EXERCISE DETAILS »
Give again, word for word, the lines below that run from the line with "七〇二所利用機(jī)器人及" through the line with "이번에 선보이는 ’갑천1". Drop the pictures.

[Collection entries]
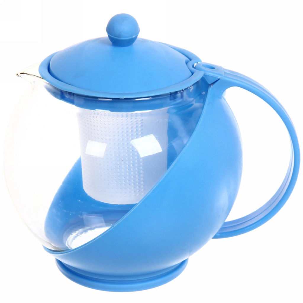 Чайник заварочный стеклянный 1250 мл Комби с пластиковым ситом, микс цветов
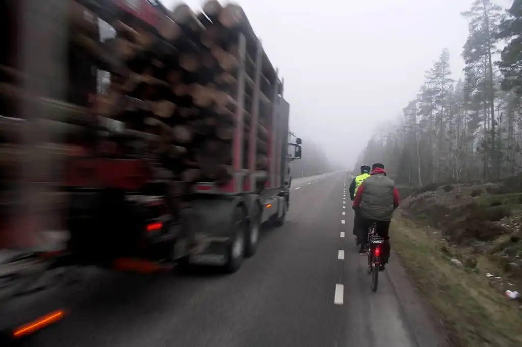 Comenzamos muy temprano desde Oskarshamn (07.15) dado que la autocaravana era demasiado estrecha. Con una espesa niebla y rondando los 0 grados montamos sobre nuestros caballos de acero y entramos en el denso trafico maderero, donde la madera corría en todas dirección a la vez. Unas pocas horas mas tarde llegamos al objetivo intermedio de la fabrica de Pilen en Malilla. Después de cargar el coche con piezas de repuesto nos dirigimos a Älmhult de donde es Ingvar Kamprad e IKEA (y nosotros sin saberlo) tentados por una ducha, alojamiento y comida.
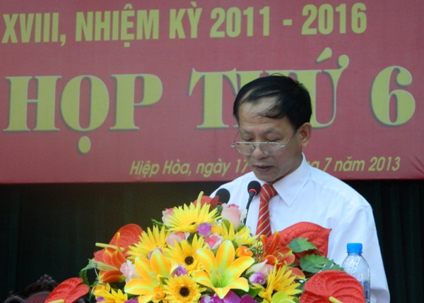 Tới dự và phát biểu chỉ đạo tại kỳ họp, đồng chí Bùi Văn Hải- Chủ tịch UBND tỉnh chúc mừng các đồng chí lãnh đạo HĐND, UBND huyện Hiệp Hòa vừa trúng cử tại kỳ họp. Đồng thời mong muốn các đồng chí ở cương vị công tác mới sẽ nêu cao trách nhiệm, điều hành thực hiện tốt nhiệm vụ phát triển kinh tế- xã hội của huyện trong thời gian tới. Chủ tịch UBND tỉnh Bùi Văn Hải đã đánh giá cao sự chuyển biến tích cực về kinh tế – xã hội của huyện Hiệp Hòa trong 6 tháng đầu năm, góp phần thúc đẩy phát triển các lĩnh vực kinh tế – xã hội của tỉnh. Đồng chí đề nghị tại kỳ họp này, các đại biều cần tập trung thảo luận, phân tích sâu những tồn tại, vướng mắc và đề xuất giải pháp tháo gỡ khó khăn nhằm tiếp tục phát huy kết quả đã đạt được, thực hiện tốt các nhiệm vụ, giải pháp đã đề ra trong 6 tháng cuối năm, hoàn thành tốt các mục tiêu, kế hoạch năm 2013.
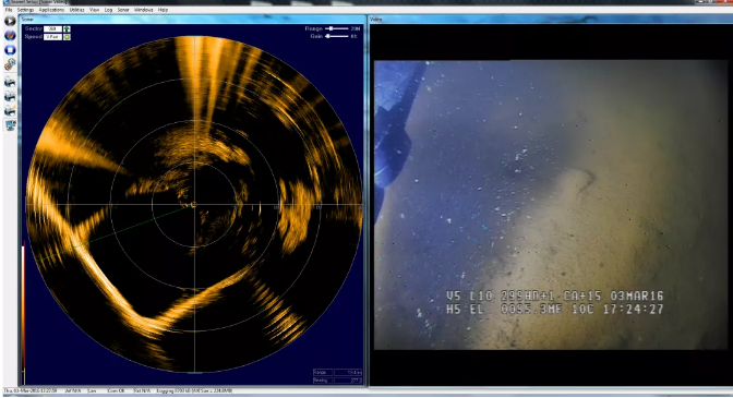 七〇二所利用機(jī)器人及探測聲吶對(duì)沉井封底前的基底以及沉井地面進(jìn)行了檢查??蒲腥藛T通過操縱水下機(jī)器人及探測聲吶對(duì)6座水下橋墩共72個(gè)井口進(jìn)行視頻探測、聲吶掃描,讓施工方能夠直觀地看到水底情況,并測量出淤泥的高度、厚度,發(fā)現(xiàn)水底障礙物,為精確實(shí)施井孔內(nèi)抓泥、清除江底沉積障礙物提供了科學(xué)的數(shù)據(jù)支撐,有效避免了可能發(fā)生的立管傾斜等工程建設(shè)風(fēng)險(xiǎn),為高質(zhì)量建成滬蘇通長江公鐵大橋增添了閃亮的中國船舶科技色彩。
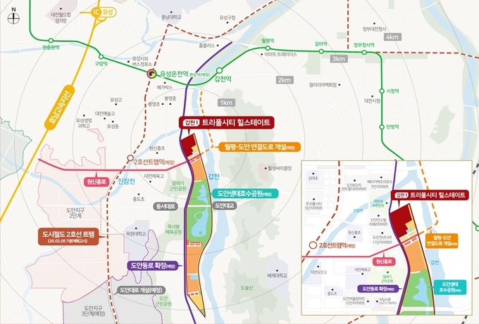 이번에 선보이는 ’갑천1 트리풀시티 힐스테이트’는 지난 2018년 선보인 ‘갑천3 트리풀시티’(1,762세대)에 이어 갑천친수구역에서 두 번째로 공급되는 단지로 실수요자들을 중심으로 올해 분양대상 아파트 가운에 가장 뜨거운 관심을 모으고 있다.
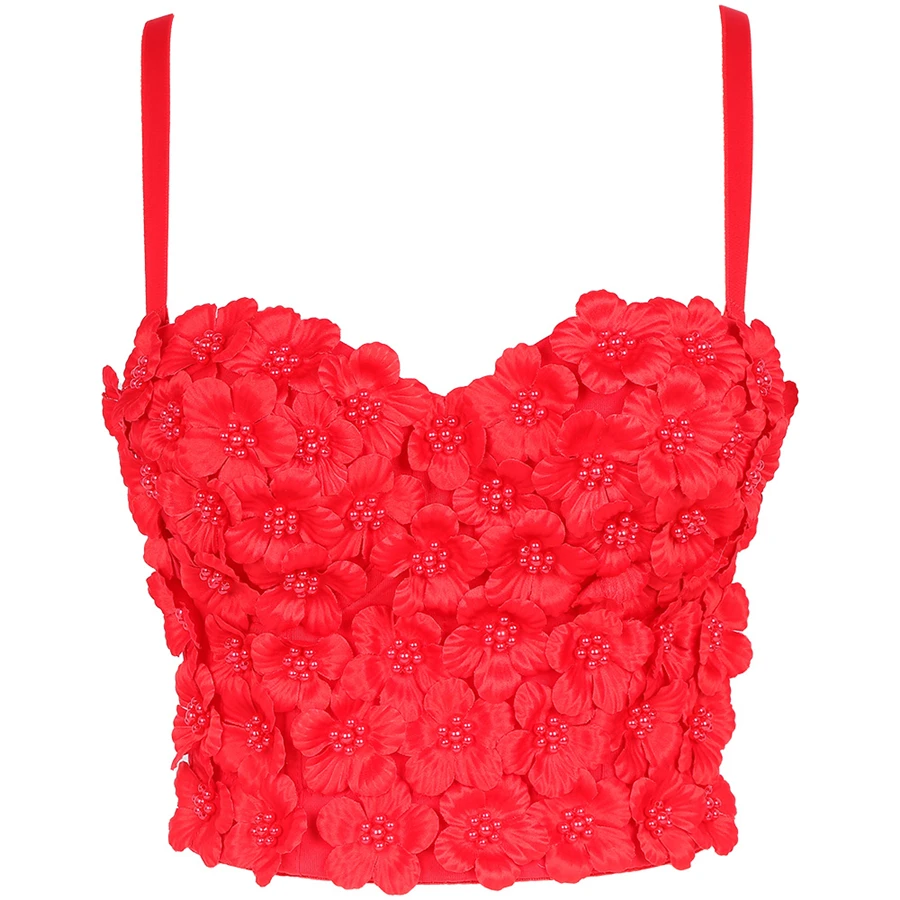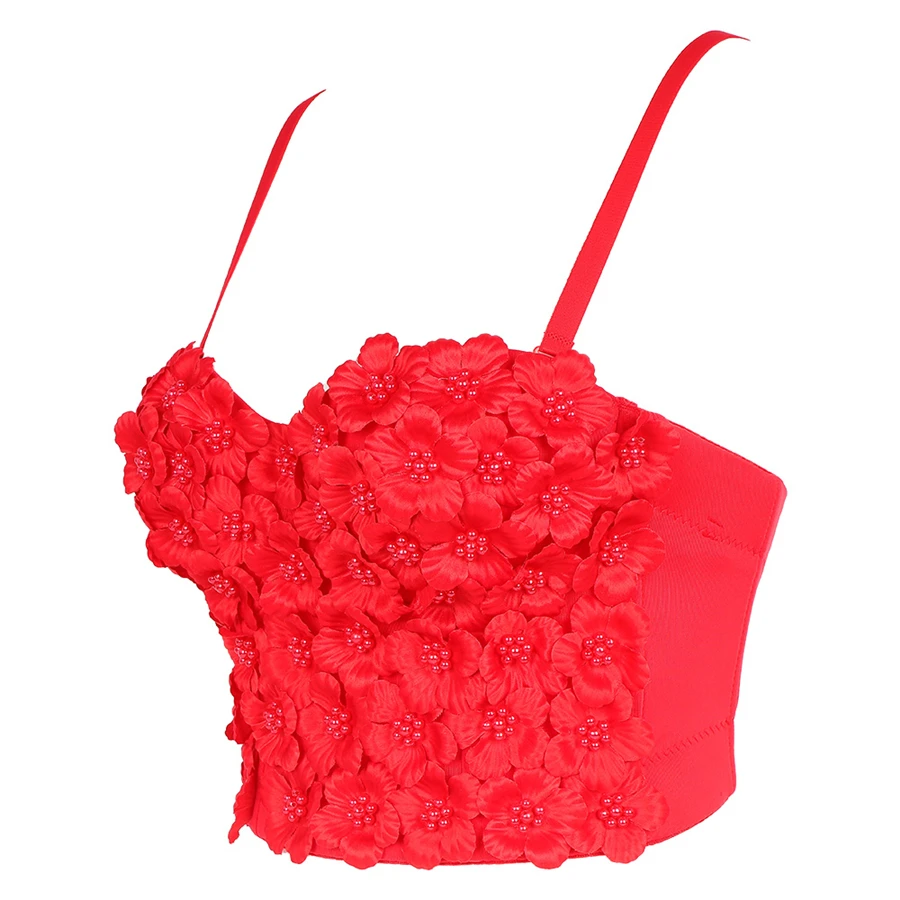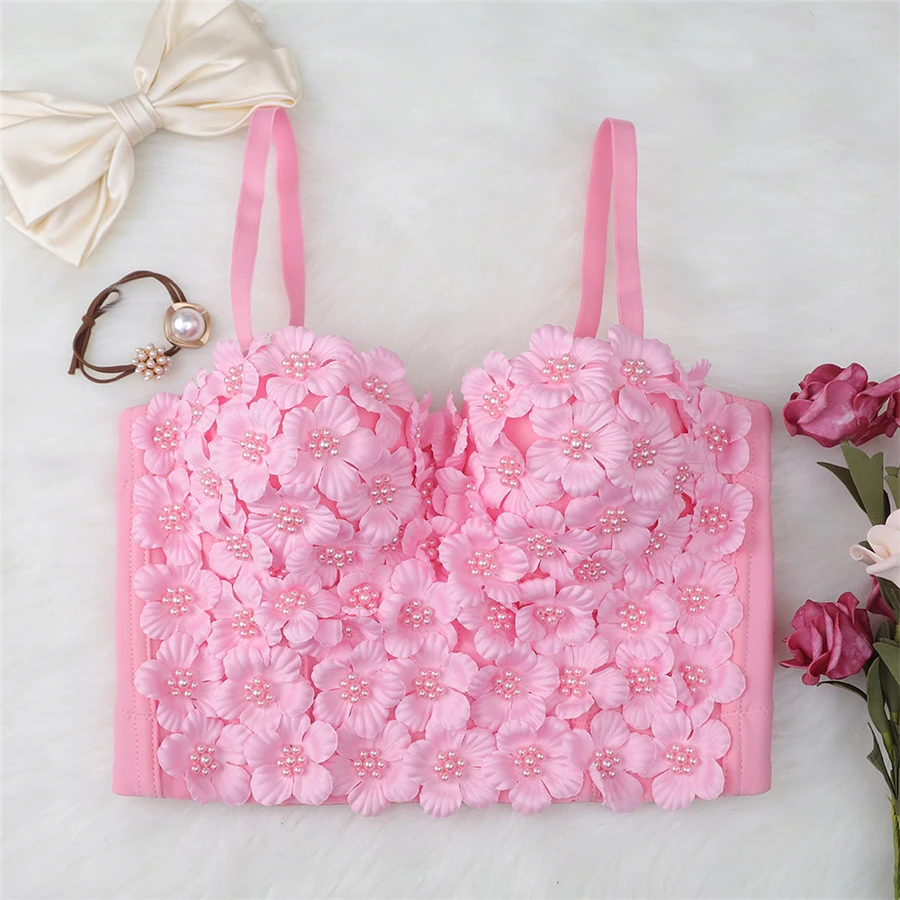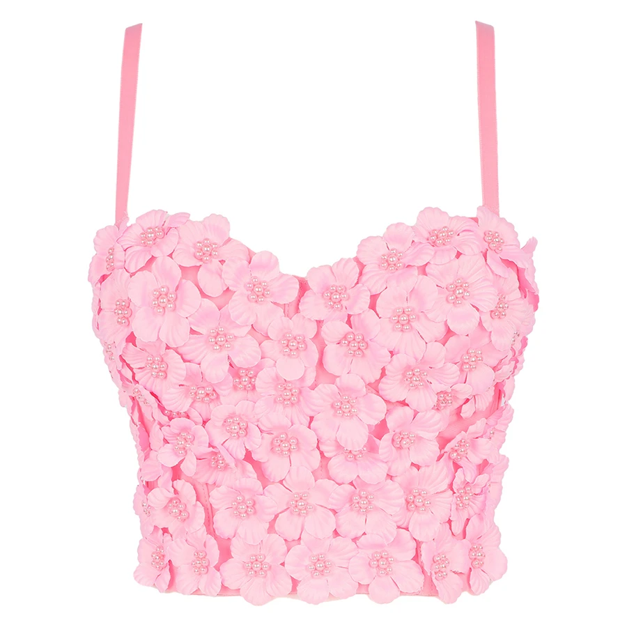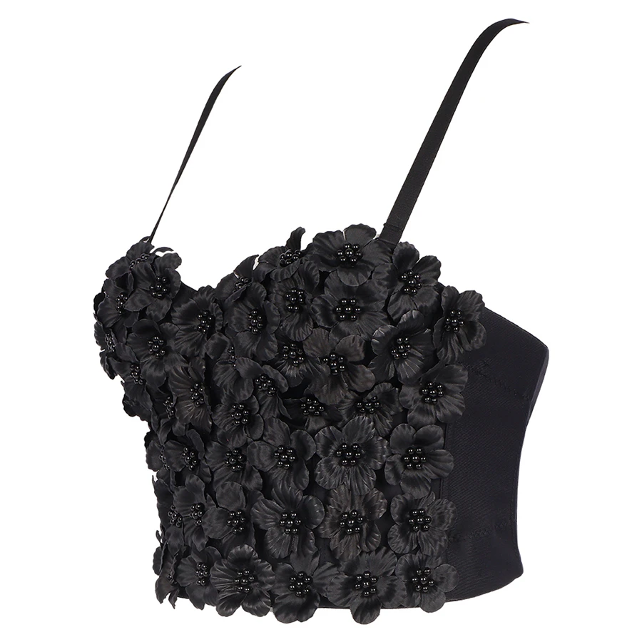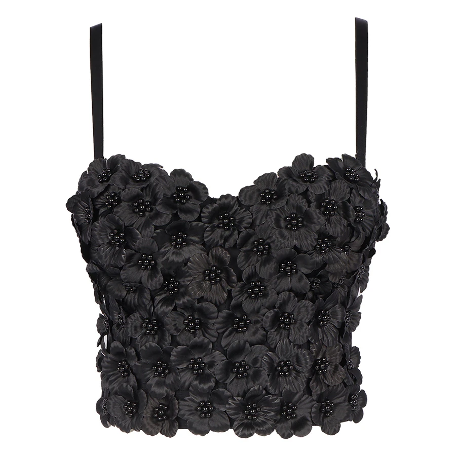 Женская одежда, сексуальный женский укороченный топ с цветочным бисером, Женский однотонный топ с открытой спиной в стиле Харадзюку, топы на бретелях со встроенным бюстгальтером пуш-ап, Бралетт
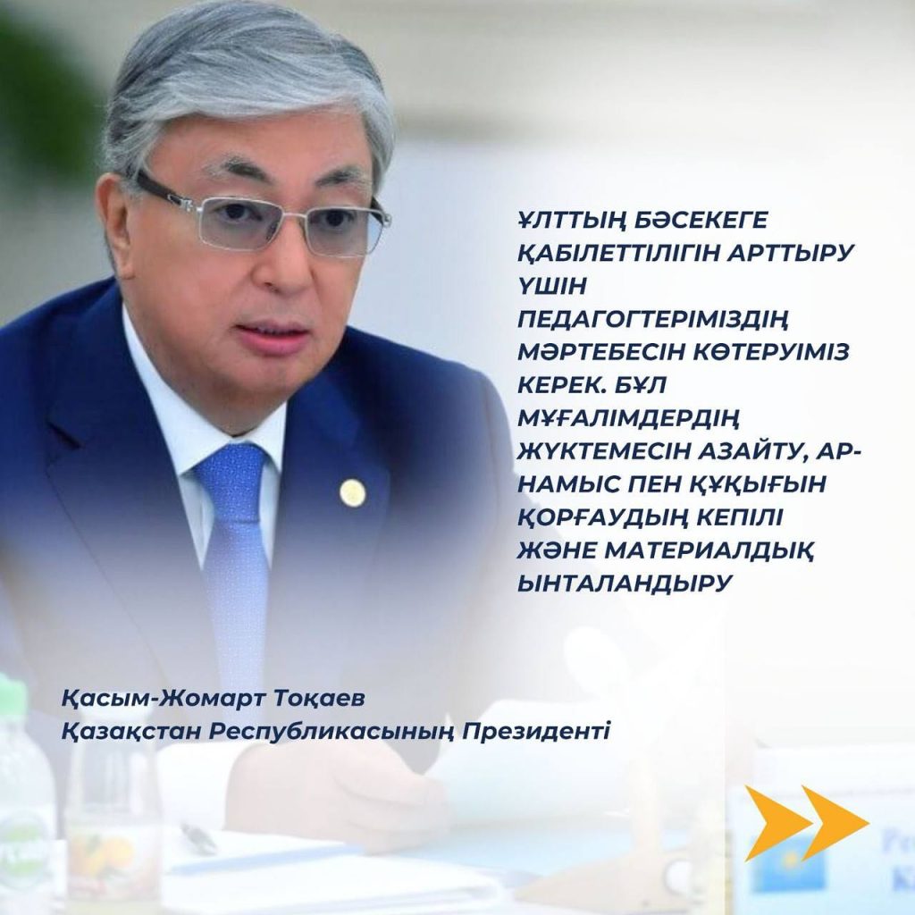 2019 жылы «Педагог мәртебесі туралы» ҚР Заңы қабылданды, ол педагогтердің жалақысын көтеруді, тиісті функцияларға сәйкес келмейтін жүктемелер мен тексерулерден босатуды, педагогтердің әлеуметтік мәртебесін арттыруды, оқу жүктемесін қысқартуды, еңбек демалысын ұзартуды және педагогтар үшін өзге де ынталандыруды белгілеуді көздейді.

FINAL ANSWER »
 七〇二所利用機(jī)器人及探測聲吶對(duì)沉井封底前的基底以及沉井地面進(jìn)行了檢查??蒲腥藛T通過操縱水下機(jī)器人及探測聲吶對(duì)6座水下橋墩共72個(gè)井口進(jìn)行視頻探測、聲吶掃描,讓施工方能夠直觀地看到水底情況,并測量出淤泥的高度、厚度,發(fā)現(xiàn)水底障礙物,為精確實(shí)施井孔內(nèi)抓泥、清除江底沉積障礙物提供了科學(xué)的數(shù)據(jù)支撐,有效避免了可能發(fā)生的立管傾斜等工程建設(shè)風(fēng)險(xiǎn),為高質(zhì)量建成滬蘇通長江公鐵大橋增添了閃亮的中國船舶科技色彩。
 이번에 선보이는 ’갑천1 트리풀시티 힐스테이트’는 지난 2018년 선보인 ‘갑천3 트리풀시티’(1,762세대)에 이어 갑천친수구역에서 두 번째로 공급되는 단지로 실수요자들을 중심으로 올해 분양대상 아파트 가운에 가장 뜨거운 관심을 모으고 있다.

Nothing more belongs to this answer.